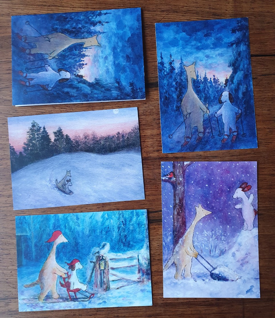 4 simple Hulmu & Haukku postcards and 1 folded card from year 2025. Printed and designed in Finland, size A6. There are no ready-made greeting messages. On the back side there are address bars (except the folded postcard). Paperboard: Nautilus Classic 300g/m2, 100% recycled paper.
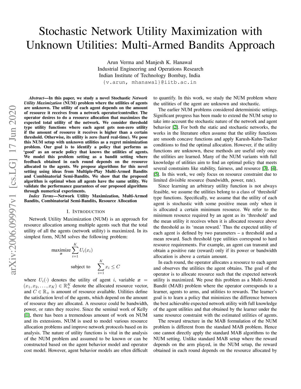 In this paper, we study a novel Stochastic Network Utility Maximization (NUM) problem where the utilities of agents are unknown. The utility of each agent depends on the amount of resource it receives from a network operator/controller. The operator desires to do a resource allocation that maximizes the expected total utility of the network. We consider threshold type utility functions where each agent gets non-zero utility if the amount of resource it receives is higher than a certain threshold. Otherwise, its utility is zero (hard real-time). We pose this NUM setup with unknown utilities as a regret minimization problem. Our goal is to identify a policy that performs as `good' as an oracle policy that knows the utilities of agents. We model this problem setting as a bandit setting where feedback obtained in each round depends on the resource allocated to the agents. We propose algorithms for this novel setting using ideas from Multiple-Play Multi-Armed Bandits and Combinatorial Semi-Bandits. We show that the proposed algorithm is optimal when all agents have the same utility. We validate the performance guarantees of our proposed algorithms through numerical experiments.
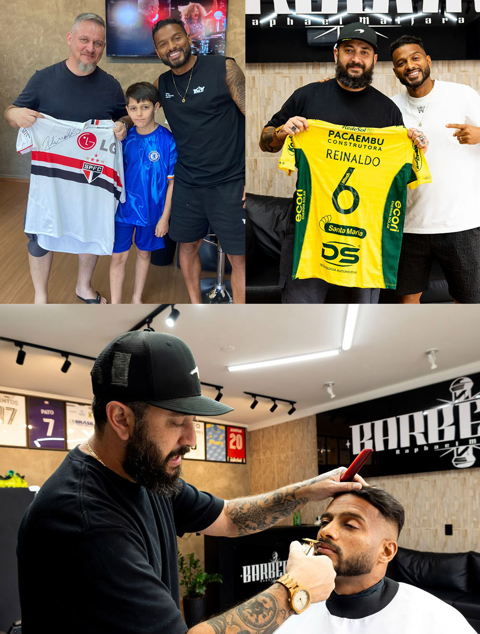 A barbearia Malfará tem se destacado como um verdadeiro ponto de encontro para amantes do estilo e da elegância na cidade. Recentemente, Rafhael Malfará, proprietário da barbearia, teve o privilégio de receber a visita do jogador Reinaldo, Mirassol FC. Sua presença não apenas enaltece o ambiente, mas também fortalece a conexão entre o esporte, a moda e a cultura local. Em uma das suas passagens, Reinaldo atendeu fãs e autografou uma camisa do São Paulo FC, seu ex-clube. O local é espaço que combina tradição, bom gosto e competência, sempre oferecendo o melhor em cuidados masculinos, com a presença de uma figura ilustre que inspira clientes e fãs. Reinaldo e Rafhael Malfará são amigos desde quando o atleta atuava pelo Tricolor e o profissional tinha sua barbearia em Cotia, na Grande São Paulo. Na foto à esquerda, Reinaldo atende fãs, como são-paulino Ricardo e seu filho Matheus.
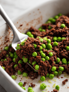 - Mix the cooked peas into the meat filling, then transfer this savory mixture into a baking dish, spreading it evenly with a spatula.
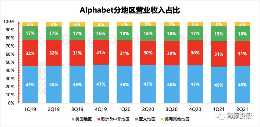 分地区收入结构上,本季度也基本保持稳定,欧美为谷歌主要收入来源地区。
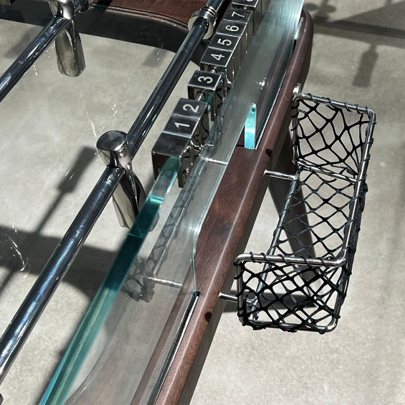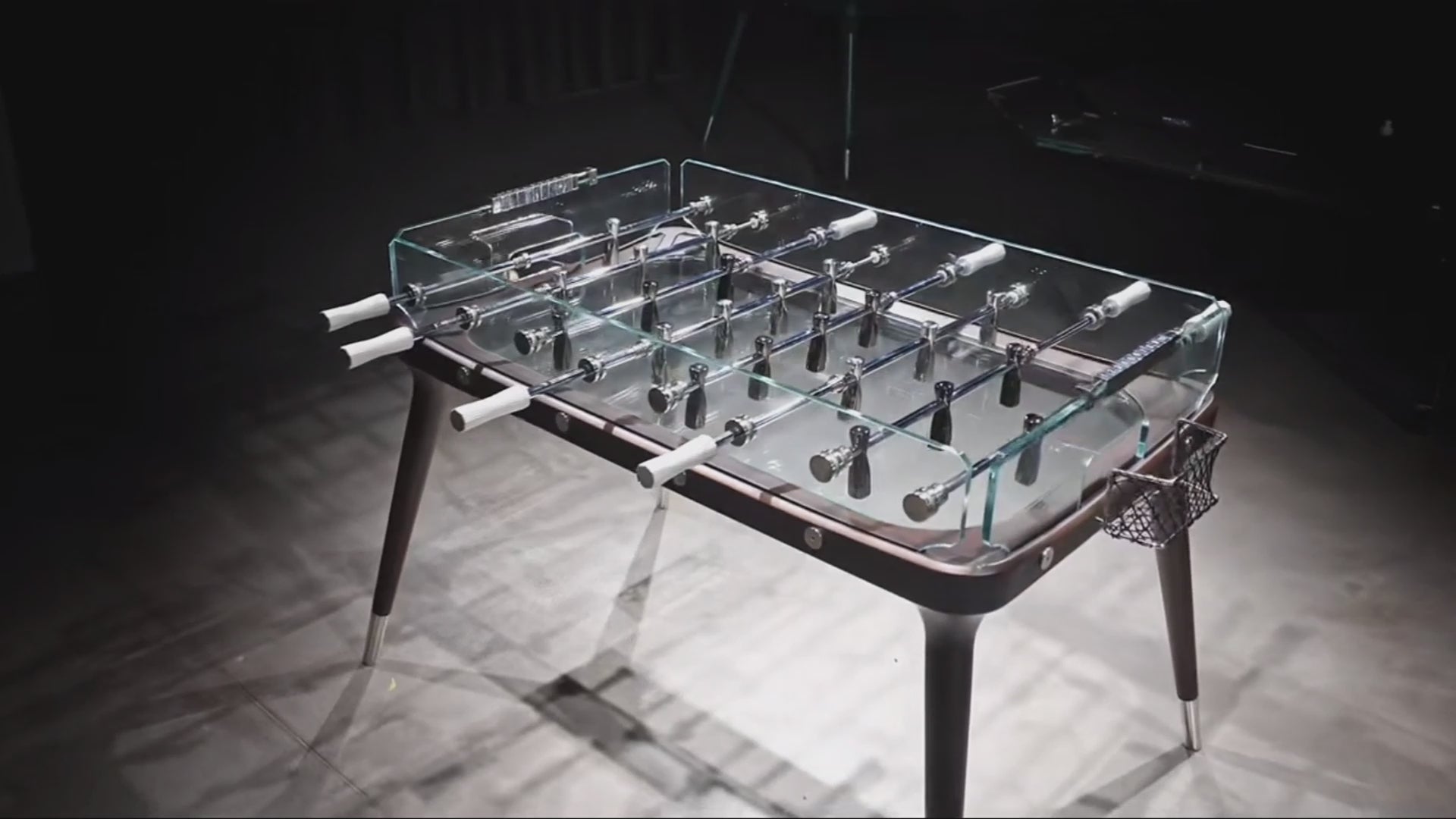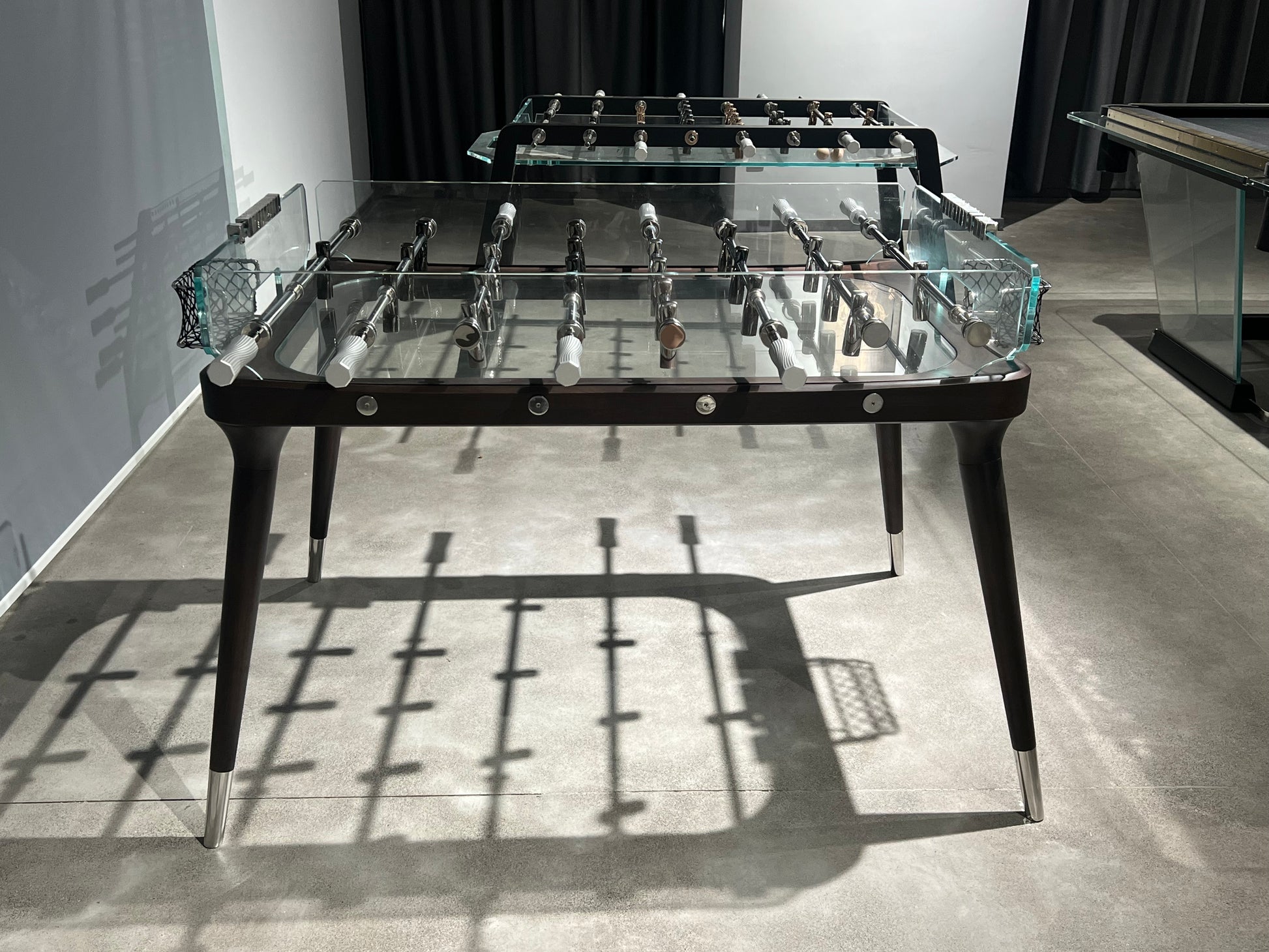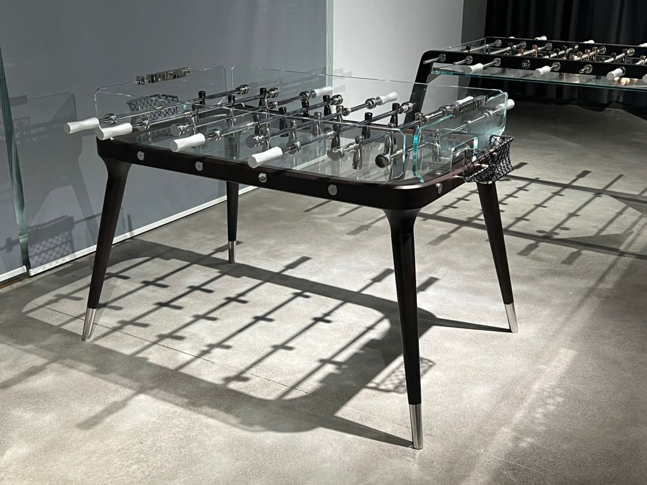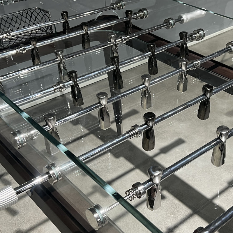 Table de baby-foot en verre et noyer pour les réceptions en intérieur
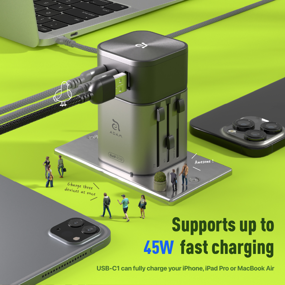 • USB-C1 (PD 3.0) supports fast charging up to 45W; even when all three ports are used  simultaneously, USB-C1 can still support      30W.
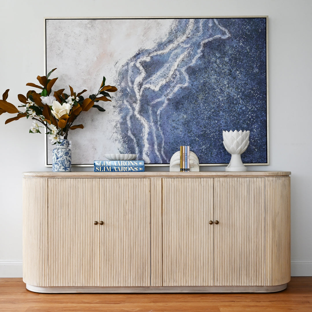 Elevate your dining or living space with the Emerson Large Elm Buffet, a statement piece that seamlessly blends style with substance. Crafted from rich elm wood, this sophisticated storage solution features distinctive ridged cupboards and generous interior shelving, allowing you to keep essentials beautifully concealed while maintaining a curated aesthetic. The light tones of elm add organic character to any room, making this buffet as much a design focal point as it is a practical storage powerhouse.
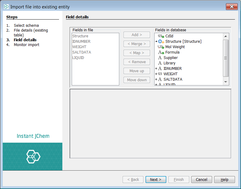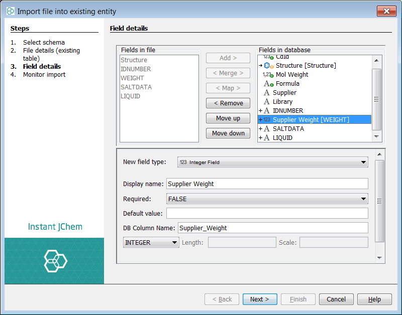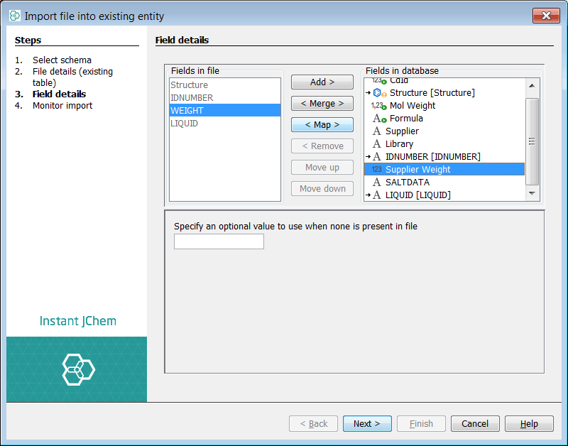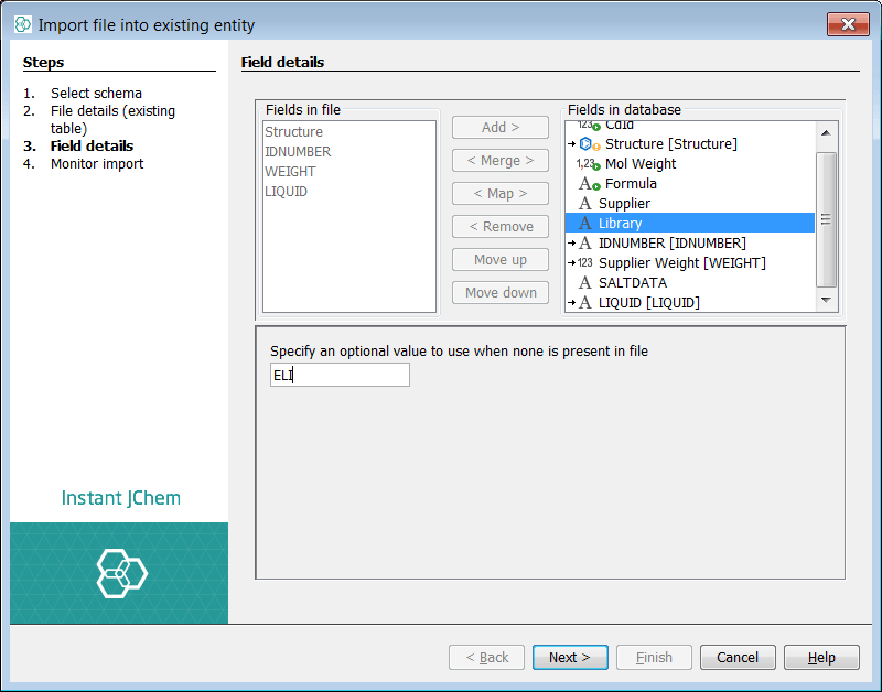 You can now see two lists of fields. The left list shows the potential fields from the source file. The right list shows the current and potential structure of the target entity. The Structure (ctab) from the file is automatically mapped to the structure column of the entity. The auto populated fields (green arrow) are visible and cannot be mapped to, if you select one no options are available. The two additional existing fields added above, are visible with no mapping. At this stage you can also specify a default value for these fields. For the purposes of demonstration we will set values here also. IJC has suggested 3 new fields to add, indicated by the sign.

__HOW TO COMPLETE THIS TASK__:
Excluding the images, copy all of the material above verbatim.

__SOLUTION TO THE PROBLEM__:
 4 simple Hulmu & Haukku postcards and 1 folded card from year 2025. Printed and designed in Finland, size A6. There are no ready-made greeting messages. On the back side there are address bars (except the folded postcard). Paperboard: Nautilus Classic 300g/m2, 100% recycled paper.
 In this paper, we study a novel Stochastic Network Utility Maximization (NUM) problem where the utilities of agents are unknown. The utility of each agent depends on the amount of resource it receives from a network operator/controller. The operator desires to do a resource allocation that maximizes the expected total utility of the network. We consider threshold type utility functions where each agent gets non-zero utility if the amount of resource it receives is higher than a certain threshold. Otherwise, its utility is zero (hard real-time). We pose this NUM setup with unknown utilities as a regret minimization problem. Our goal is to identify a policy that performs as `good' as an oracle policy that knows the utilities of agents. We model this problem setting as a bandit setting where feedback obtained in each round depends on the resource allocated to the agents. We propose algorithms for this novel setting using ideas from Multiple-Play Multi-Armed Bandits and Combinatorial Semi-Bandits. We show that the proposed algorithm is optimal when all agents have the same utility. We validate the performance guarantees of our proposed algorithms through numerical experiments.
 A barbearia Malfará tem se destacado como um verdadeiro ponto de encontro para amantes do estilo e da elegância na cidade. Recentemente, Rafhael Malfará, proprietário da barbearia, teve o privilégio de receber a visita do jogador Reinaldo, Mirassol FC. Sua presença não apenas enaltece o ambiente, mas também fortalece a conexão entre o esporte, a moda e a cultura local. Em uma das suas passagens, Reinaldo atendeu fãs e autografou uma camisa do São Paulo FC, seu ex-clube. O local é espaço que combina tradição, bom gosto e competência, sempre oferecendo o melhor em cuidados masculinos, com a presença de uma figura ilustre que inspira clientes e fãs. Reinaldo e Rafhael Malfará são amigos desde quando o atleta atuava pelo Tricolor e o profissional tinha sua barbearia em Cotia, na Grande São Paulo. Na foto à esquerda, Reinaldo atende fãs, como são-paulino Ricardo e seu filho Matheus.
 - Mix the cooked peas into the meat filling, then transfer this savory mixture into a baking dish, spreading it evenly with a spatula.
 分地区收入结构上,本季度也基本保持稳定,欧美为谷歌主要收入来源地区。
 Table de baby-foot en verre et noyer pour les réceptions en intérieur
 • USB-C1 (PD 3.0) supports fast charging up to 45W; even when all three ports are used  simultaneously, USB-C1 can still support      30W.
 Elevate your dining or living space with the Emerson Large Elm Buffet, a statement piece that seamlessly blends style with substance. Crafted from rich elm wood, this sophisticated storage solution features distinctive ridged cupboards and generous interior shelving, allowing you to keep essentials beautifully concealed while maintaining a curated aesthetic. The light tones of elm add organic character to any room, making this buffet as much a design focal point as it is a practical storage powerhouse.
 You can now see two lists of fields. The left list shows the potential fields from the source file. The right list shows the current and potential structure of the target entity. The Structure (ctab) from the file is automatically mapped to the structure column of the entity. The auto populated fields (green arrow) are visible and cannot be mapped to, if you select one no options are available. The two additional existing fields added above, are visible with no mapping. At this stage you can also specify a default value for these fields. For the purposes of demonstration we will set values here also. IJC has suggested 3 new fields to add, indicated by the sign.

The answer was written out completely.